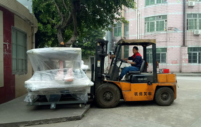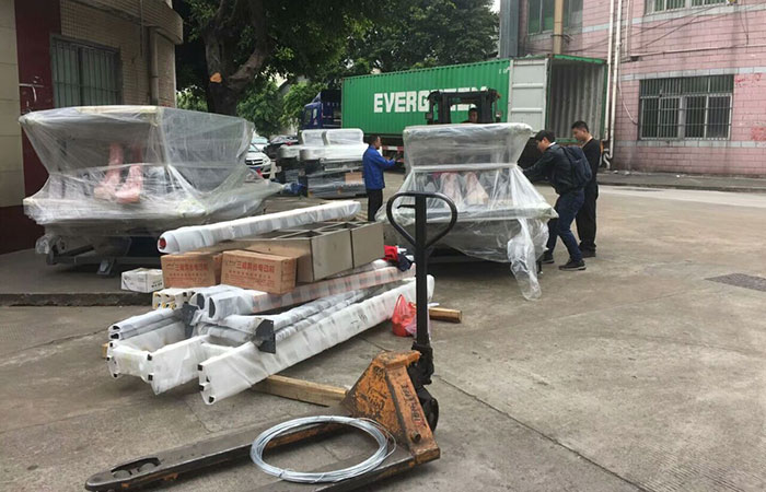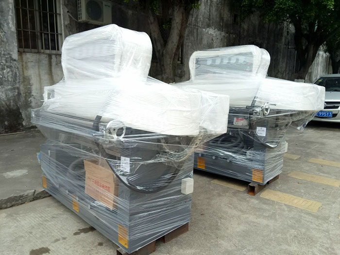 兩臺4磨頭玻璃直線磨邊機和兩臺切割機出口裝柜
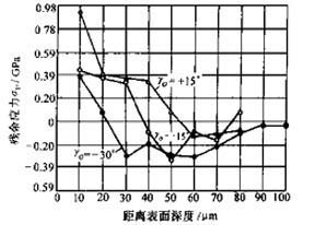 1) 刀具方面,當(dāng)前角由正值逐漸變?yōu)樨?fù)值時,表層的殘余拉應(yīng)力逐漸減小,但殘余應(yīng)力層的深度增大(見圖3-5)在一定的切削用量下,采用絕對值較大的負(fù)前角,可使已加工表面層得到殘余壓應(yīng)力(見圖3-6)
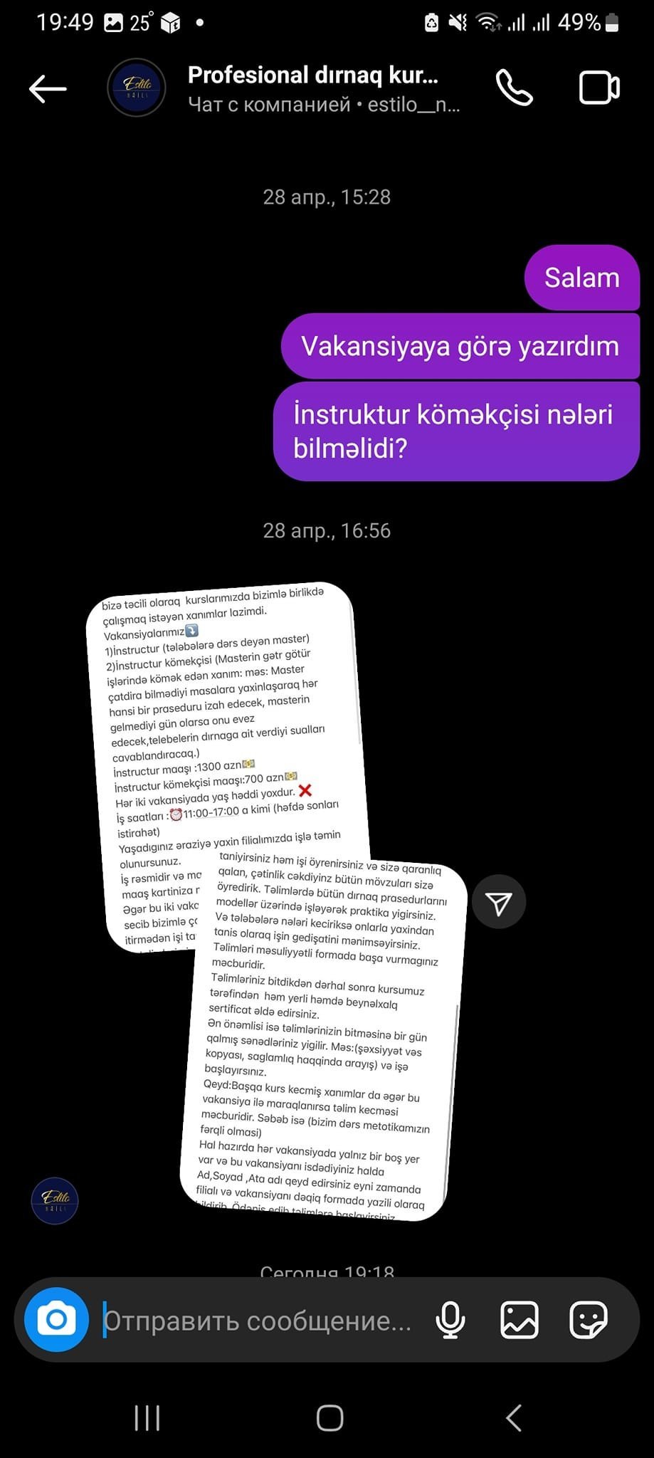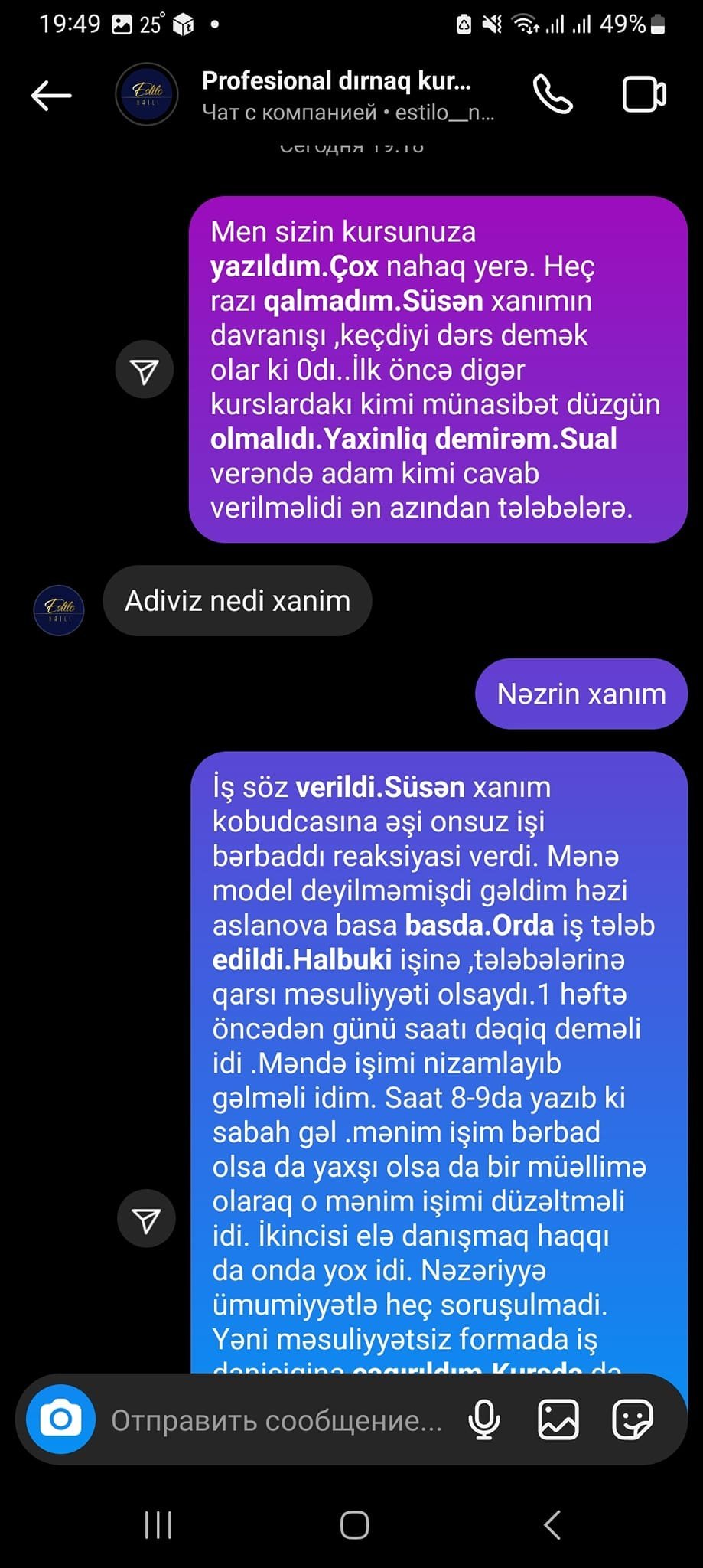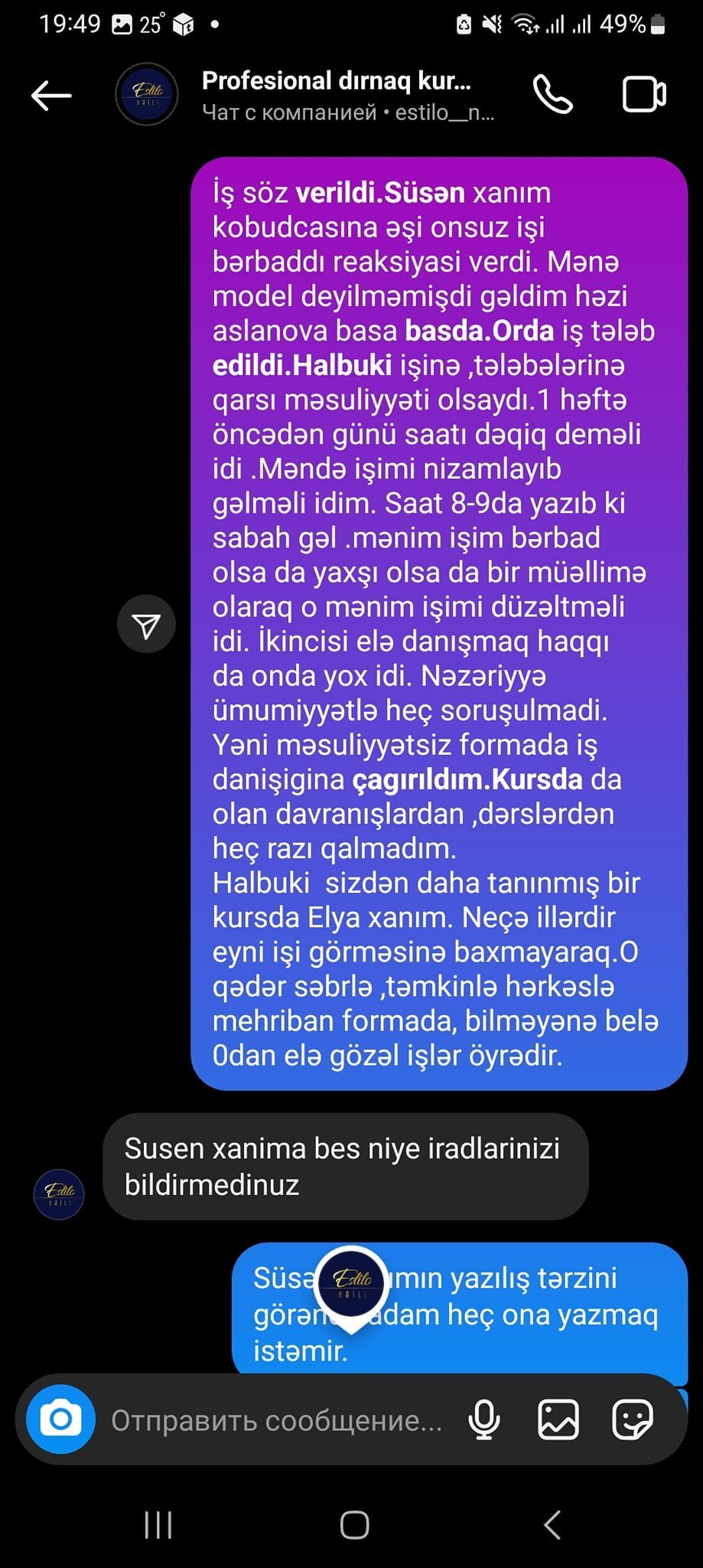 Narazı vətəndaş daha sonra yazır: "Bu dırnaq kursu bütün hamıya vakansiya təklif edir yüksək maaşla ( Vakansiyalar isə İnstruktor və İnstruktor köməkçisidir. ) və işə başlamaq üçün mütləq kursu bitirmək lazımdır ki, o proqramla dərs keçəsən. Kurs isə ödənişlidir ( 250₼ ). Bizə tapşırıldı ki, orada heçkəsə iş üçün gəldiyimizi deməyin. Əsas məsələdə bundan sonra başlayır.
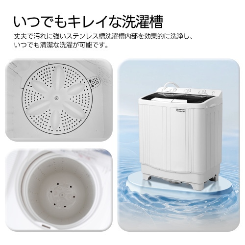 ◆06 6.5kgの容量で1~2人家族に適しています 1回の洗濯で大量の衣類を洗うことができ、時間や労力を節約します。また、日常の洗濯ニーズを満たすために十分なスペースを提供し、効率的で快適な洗濯体験を実現します。 家族の衣類:大人のTシャツやシャツ約8枚。 ジーンズ:大人用のジーンズやパンツ約4本。 タオル:バスタオルやハンドタオルを合わせて約6枚。 寝具:シングルサイズのシーツや枕カバーなどを1セット。 ◆07いつでもキレイな洗濯槽 丈夫で汚れを効果的に洗浄し、いつでも清潔な洗濯が可能です。 ※製造メーカーでは、出荷前にテストを行います。そのため、洗濯槽に残存水がある場合がありますが、不良品ではありません。使用開始後、一度運転を行うことで残った水は排出されますので、ご安心ください。
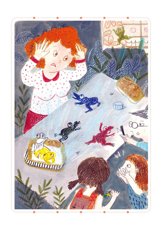 朵朵和芳芳坐到座位上,看见全班同学一个个都兴高采烈的样子。坐在朵朵旁边的雷雷还一边舔嘴唇一边说:“刘老师,快点啊,快点啊,我喉咙里都伸出十二只手来问我要巧克力了!”
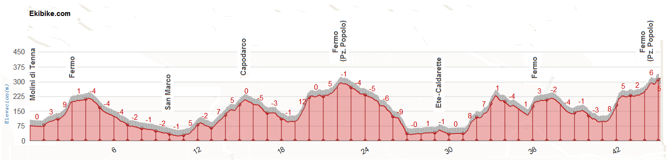 Los últimos 45 km, con las múltiples cotas en torno a Fermo (algunos % son engañosamente bajos, al quedar la subida «partida» entre dos km)
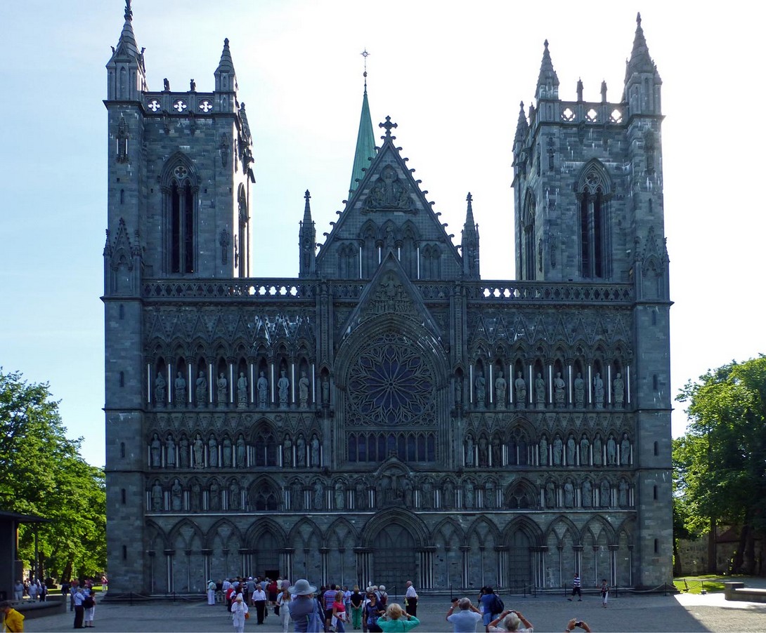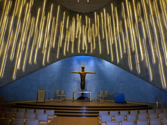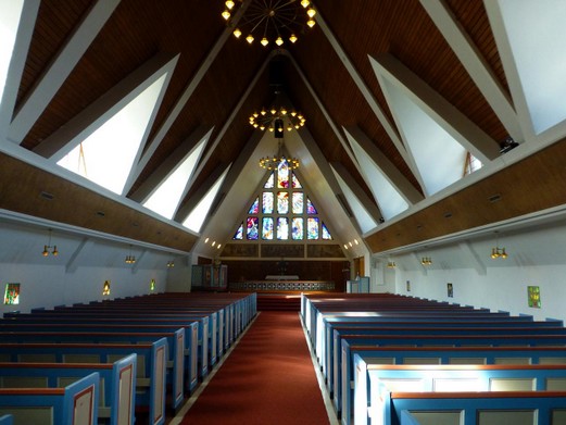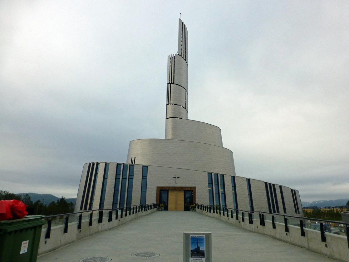Im Zentrum ist die Kirche mit den dreieckigen Formen sehr interessant, die ein Architekt aus Oslo entworfen hat. Im Innern der Kirche findet man viele dreieckige Formen in den bunten Glasfenstern wieder. Der Prospekt, der in der Kirche auch in deutscher Sprache ausliegt, erklärt, dass sich der Architekt durch die Trockengestelle für die Fische inspirieren ließ, die man überall entlang der norwegischen Küste findet. Außerdem ist das Dreieck ein Symbol für die heilige Dreifaltigkeit.

Requirement – The lines to set down run from the line with "Narazı vətəndaş daha" up to and including the line with "Los últimos 45" in the entries above. Reproduce them exactly, with no pictures.

Output of the task –
 Narazı vətəndaş daha sonra yazır: "Bu dırnaq kursu bütün hamıya vakansiya təklif edir yüksək maaşla ( Vakansiyalar isə İnstruktor və İnstruktor köməkçisidir. ) və işə başlamaq üçün mütləq kursu bitirmək lazımdır ki, o proqramla dərs keçəsən. Kurs isə ödənişlidir ( 250₼ ). Bizə tapşırıldı ki, orada heçkəsə iş üçün gəldiyimizi deməyin. Əsas məsələdə bundan sonra başlayır.
 ◆06 6.5kgの容量で1~2人家族に適しています 1回の洗濯で大量の衣類を洗うことができ、時間や労力を節約します。また、日常の洗濯ニーズを満たすために十分なスペースを提供し、効率的で快適な洗濯体験を実現します。 家族の衣類:大人のTシャツやシャツ約8枚。 ジーンズ:大人用のジーンズやパンツ約4本。 タオル:バスタオルやハンドタオルを合わせて約6枚。 寝具:シングルサイズのシーツや枕カバーなどを1セット。 ◆07いつでもキレイな洗濯槽 丈夫で汚れを効果的に洗浄し、いつでも清潔な洗濯が可能です。 ※製造メーカーでは、出荷前にテストを行います。そのため、洗濯槽に残存水がある場合がありますが、不良品ではありません。使用開始後、一度運転を行うことで残った水は排出されますので、ご安心ください。
 朵朵和芳芳坐到座位上,看见全班同学一个个都兴高采烈的样子。坐在朵朵旁边的雷雷还一边舔嘴唇一边说:“刘老师,快点啊,快点啊,我喉咙里都伸出十二只手来问我要巧克力了!”
 Los últimos 45 km, con las múltiples cotas en torno a Fermo (algunos % son engañosamente bajos, al quedar la subida «partida» entre dos km)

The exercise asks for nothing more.